Weiterführende Literatur

Gyburg-Hall [sic!], Larion [d.i. Werner Schmitz] (1953): Bindet den Helm fester! Bericht über den 3. Internationalen Kongreß für sexuelle Gleichberechtigung vom 12.–14. September 1953 zu Amsterdam, in: Der Weg zu Freundschaft und Toleranz (Jg. 3), Nr. 10 (Oktober 1953), S. 4-7, hier S. 5 und 7.

Rolf [d.i. Karl Meier] (1953): Nachklang zum Internationalen Kongress, in: ICSE-Newsletter (November/Dezember 1953), S. 163-165.

Rolf [d.i. Karl Meier] (1953): Gedanken zum Internationalen Kongress in Amsterdam. 12.–14. September 1953, in: Der Kreis (Jg. 21), Nr. 10 (Oktober 1953), S. 2-4.

Rolf [d.i. Karl Meier] (1953): Beim Lesen notiert, in: Der Kreis (Jg. 21), Nr. 10 (Oktober 1953), S. 5-6.

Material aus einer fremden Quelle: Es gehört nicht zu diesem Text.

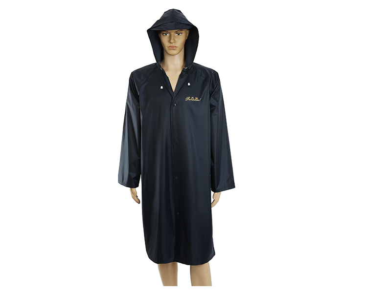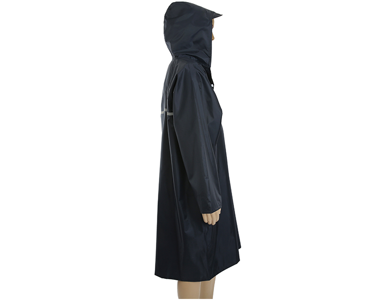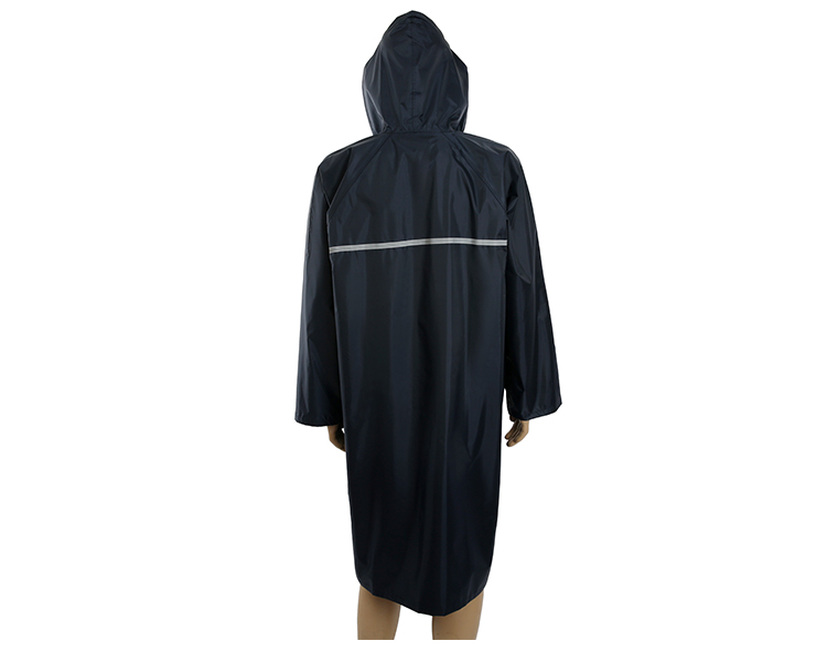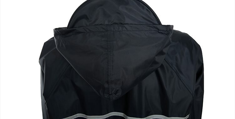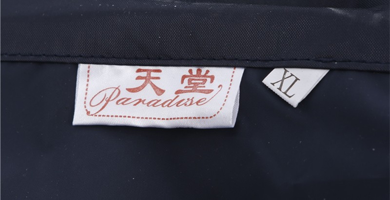 雨衣下方部位缝有商标 尺寸标识
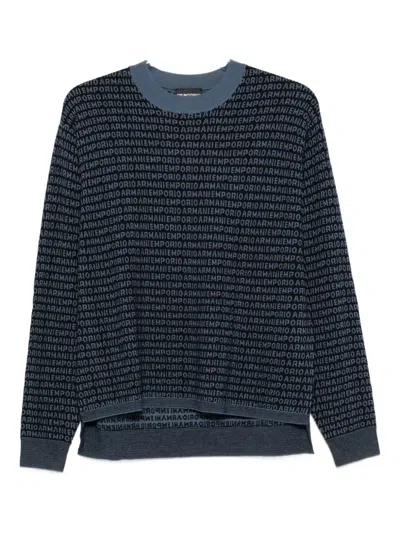 blue wool fabric logo pattern crew neck long sleeves straight hem Composition: Virgin Wool, 100%
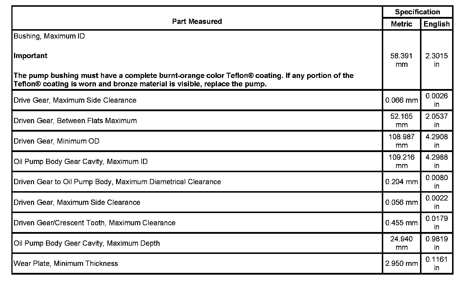 Oil Pump Specifications:
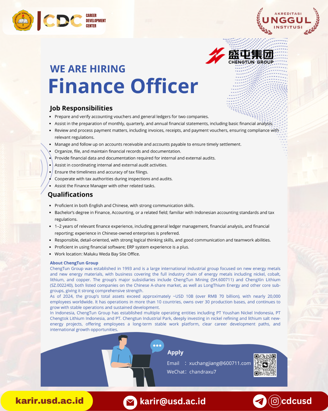 LOWONGAN PT Chengtun Industrial Park (Chengtun Group)
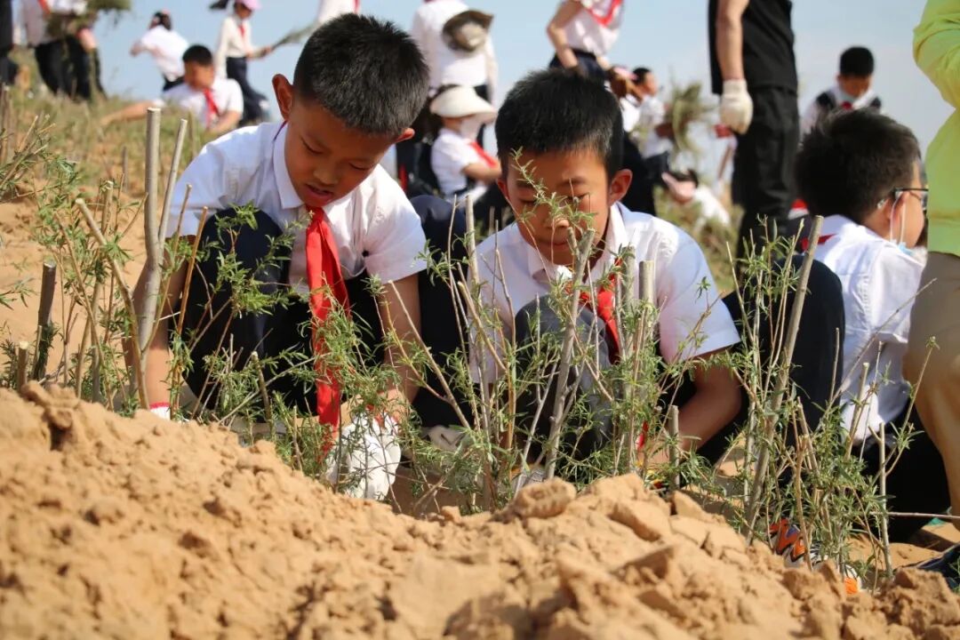 4年来,康巴什区第一小学共组织22期“红领巾”治理荒漠综合实践活动、6期实验室课程,近3500人次参与,埋设了沙柳沙障近200亩、纱网沙障80亩,种植沙生植物近40亩,成活沙柳沙障和沙生植物80多亩,固沙面积达到近400亩。这片飘扬着“红领巾”的治沙基地,也从一片荒芜披上点点“绿衣”。
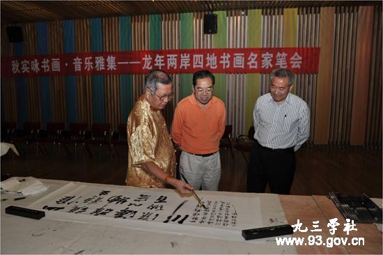 9月17日,九三学社中央文化工作委员会、宁波市文联、九三学社宁波市委员会联合举办的“秋实咏书画•音乐雅集——龙年两岸四地中华文化(书画•音乐)联谊活动”在宁波举行。当日上午,在宁波帮博物馆举行了两岸四地书画名家邀请展开幕式。全国人大常委会副委员长、九三学社中央主席韩启德院士为本次活动题词“弘扬优秀传统文化,增强中华民族自信”。全国政协常委、九三学社中央副主席冯培恩、邵鸿出席开幕式。
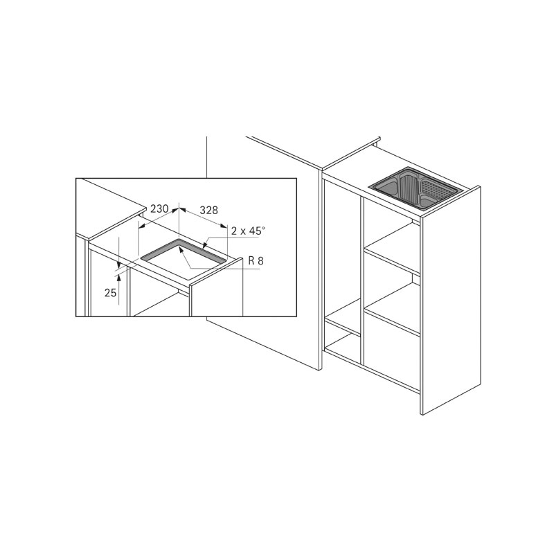 A encastrer ou à poser directement sur un tiroir métal largeur 370 mm.

Salathé, André (1996): Karl Meier „Rolf“ (1897–1974). Schauspieler, Regisseur, Herausgeber des „Kreis“, in: Thurgauer Köpfe (Bd. 1). Frauenfeld: Verlag des Historischen Vereins des Kantons Thurgau, S. 203-214.

Steinle, Karl-Heinz (1999): Der Kreis. Mitglieder, Künstler, Autoren (Hefte des Schwulen Museums, 2). Berlin: Verlag rosa Winkel, S. 5-17.